The 'New Normal' of life after Covid: JAMA

MN Report 01:15 PM, 21 Dec, 2022
The 'New Normal' of life after Covid: JAMA

USA: The Omicron variant of the Coronavirus has proved that COVID-19 is here to stay. In 2021, President Biden issued the “National Strategy for the COVID-19 Response and Pandemic Preparedness”

This strategy needs to be updated with new policies as the country moves from crisis to control. New goals and strategies shall be identified for the “new normal” of life with COVID-19  for the general public.

In order to recognize the new national strategy, humility is imperative. It is currently unknown whether Covid 19 shall eventually evolve into a seasonal infection; or whether antiviral drug interventions can prevent or cure long COVID; 

Furthermore, it is important to understand that the virus will evolve and mutate, therefore, a prediction of the future trends of the disease spread, intensity, and the need to make knowledgeable decisions instead of guess work, shall help curb a repetition of history.

It is imperative for public health, economic, and social functioning that US leaders establish and communicate specific goals for COVID-19 management, benchmarks for the imposition or relaxation of public health restrictions, investments and reforms needed to prepare for future SARS-CoV-2 variants and other novel viruses, and clear strategies to accomplish all of this.

Rebuilding Public Health

To cope with pandemic, and eventually, endemic SARS-CoV-2 and to respond to future public health threats requires deploying real-time information systems, a public health implementation workforce, flexible health systems, trust in government and public health institutions, and belief in the value of collective action for public good.

Firstly, the country needs a detailed elaborate, digital data module for public health.

Second, the US needs a permanent public health implementation workforce that has the flexibility and surge capacity to manage persistent problems while simultaneously responding to emergencies. Data collection, analysis, and technical support are necessary, but it takes people to respond to crises. 

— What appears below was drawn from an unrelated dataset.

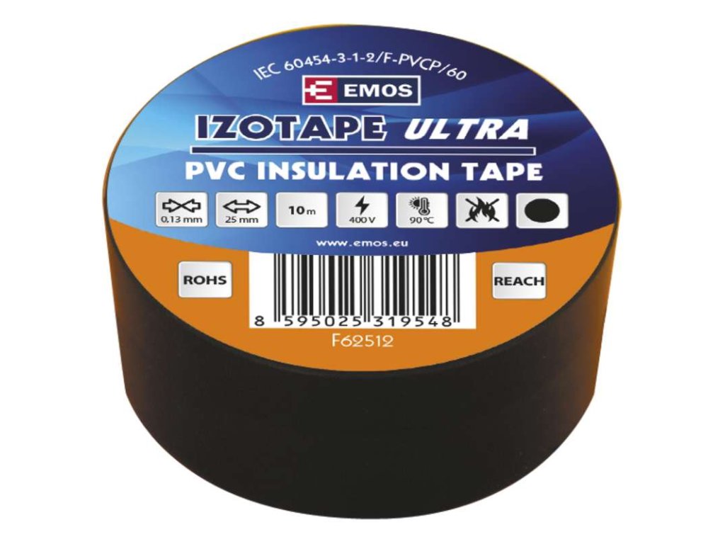 Páska elektroizolační, rozměr 25mmx10m, černá Parametry produktu typ pásky PVC šířka pásky 25 mm délka návinu 10 m tloušťka pásky 0,13 mm barva černá potisk bez potisku elektrická pevnost minimálně 40 kV/mm prodloužení minimálně 125 % elektrická pevnost po vlhku minimálně 35 kV/mm splňuje směrnici ROHS ano splňuje směrnici REACH ano rozsah pracovních teplot -25–90 °C materiál lepidla kaučuk integrovaná textilní síťka ne pevnost v tahu 150 N/10 mm odolné UV ano přilnavost k oceli minimálně 1,8 N/10 mm předpokládané použití izolace kabelů přilnavost k podkladu 1,5 N/10 mm vodotěsný spoj ano doporučená skladovací teplota 10–45 °C vyhovuje normě ČSN EN 60454-3-1-2/F-PVC/60 zkouška plamenem <1 sec samozhášivé ne vytváří tlakotěsný spoj neDoplňkové parametry

Third, because respiratory infections ebb and flow, institutionalizing telemedicine waivers, licensure to practice and enable billing across state lines, and other measures that allow the flow of medical services to severely affected regions should be a priority.


Post previous infectious disease threats, the US temporarily managed and forgot and hence, failed to make permanent changes to the reforms. This trend must change with the COVID-19 pandemic. There is a necessity to learn from previous mistakes. Without a strategic plan for the “new normal” with endemic COVID-19, more people in the US will unnecessarily experience morbidity and mortality, health inequities will widen, and trillions will be lost from the US economy.